Source data:
---
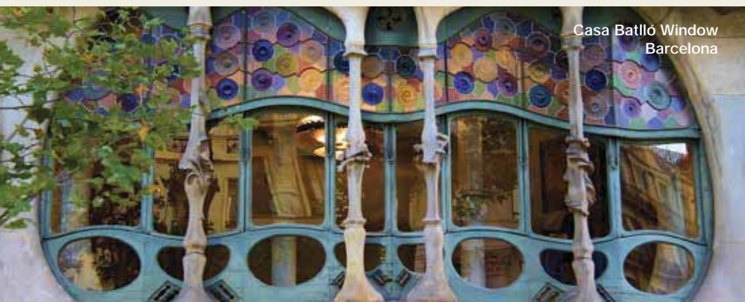
Casa Batlló Window Barcelona

Dominating the horizon and overlooking the harbor, the Palma Cathedral and Bellver Castle offer a striking first glimpse of Palma, the stunning capital of Mallorca. Winding alleys and cobbled streets characterize Old Palma, while charming windmills and an impressive 18th-century manor house beckon from the verdant countryside.
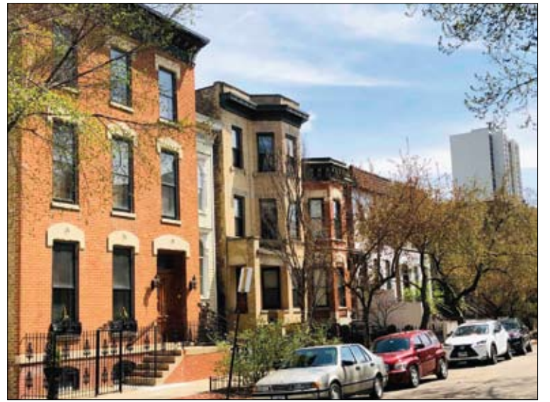
Old Town and Lincoln Park aren't the only neighborhoods that were whacked with sharply higher property tax assessments. Most of the North Side has seen their property taxes dramatically rise.

However, the assessment level is still up a whopping 71.6% after the successful appeal. The 2017 real estate tax bill on the building was $21,981. The 2018 first installment of the bill was $12,089. The owner expects bill rise substantially when the second installment is due Aug. 1.
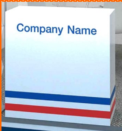
#31 Lockable Counter
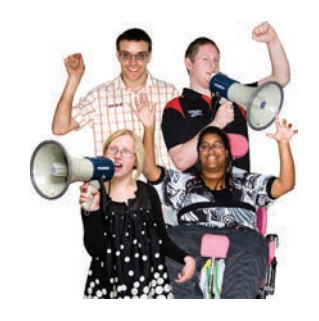
Standard 1: Rights

There are 6 Standards. We explain them briefly here, and then we go into more detail on the following pages.
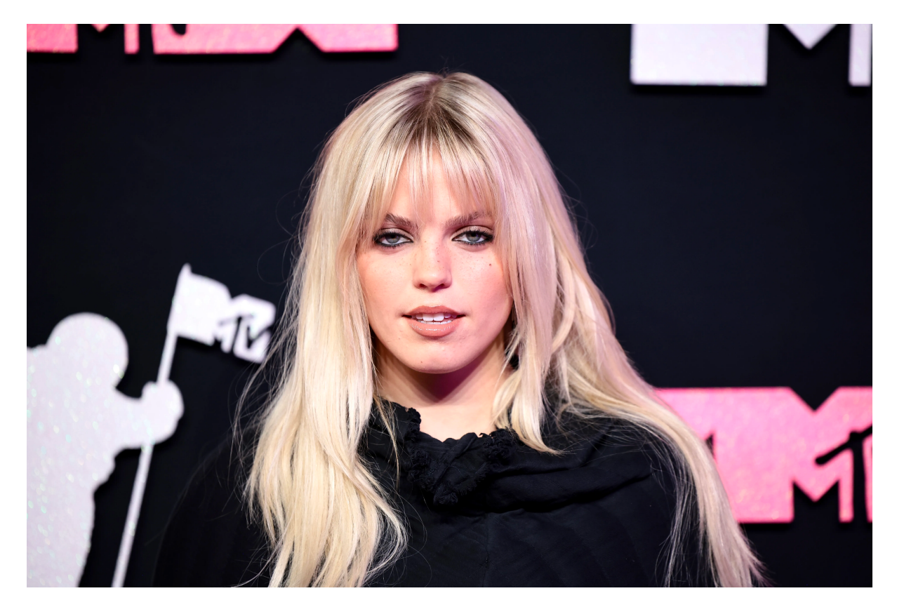
Renée Rap at 2023's VMAs red carpet.
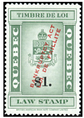
QUEBEC QL119*NH - $1 overprinted "Bankruptcy Act - Loi de Faillite" Cat. $75 IT61#21 - $30 (±US$24)
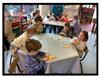
Creating our Autumn Bookmarks.
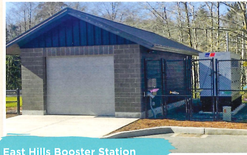
East Hills Booster Station

No one knows more about your water supply than City of Seaside Water Department. For more information, visit www.cityofseaside.us or call 503-738-5112
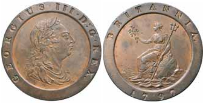
1935* George III , cartwheel twopence, 1797 (S.3776). Good very fine.
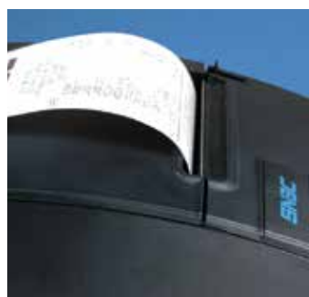
Liquid Guard Built Into the Cabinet Design
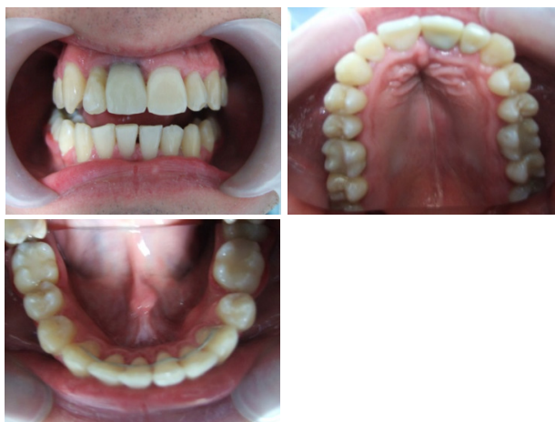
Figure 5. Intraoral view of patient's teeth after treatment procedure
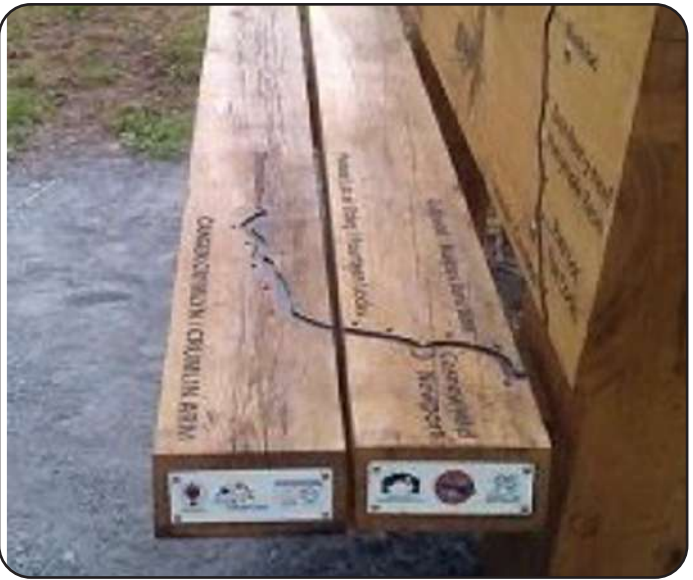
Interpretive seating spaces
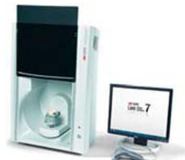
Laboratory CAD-CAM unit.
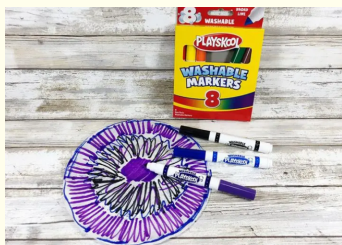
Color your filters using washable marker & spritz with water
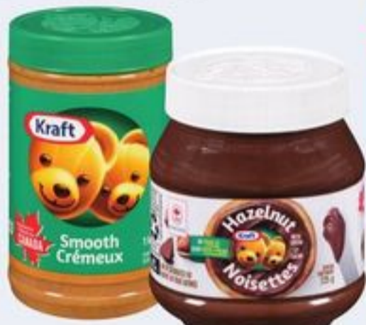
KRAFT PEANUT BUTTER 750 G-1 KG OR HAZELNUT SPREAD 725 G SELECTED VARIETIES 20039581001_EA/21285418_EA
---
Track down every line in the entries that includes the string "with", and copy it.

Old Town and Lincoln Park aren't the only neighborhoods that were whacked with sharply higher property tax assessments. Most of the North Side has seen their property taxes dramatically rise.
Color your filters using washable marker & spritz with water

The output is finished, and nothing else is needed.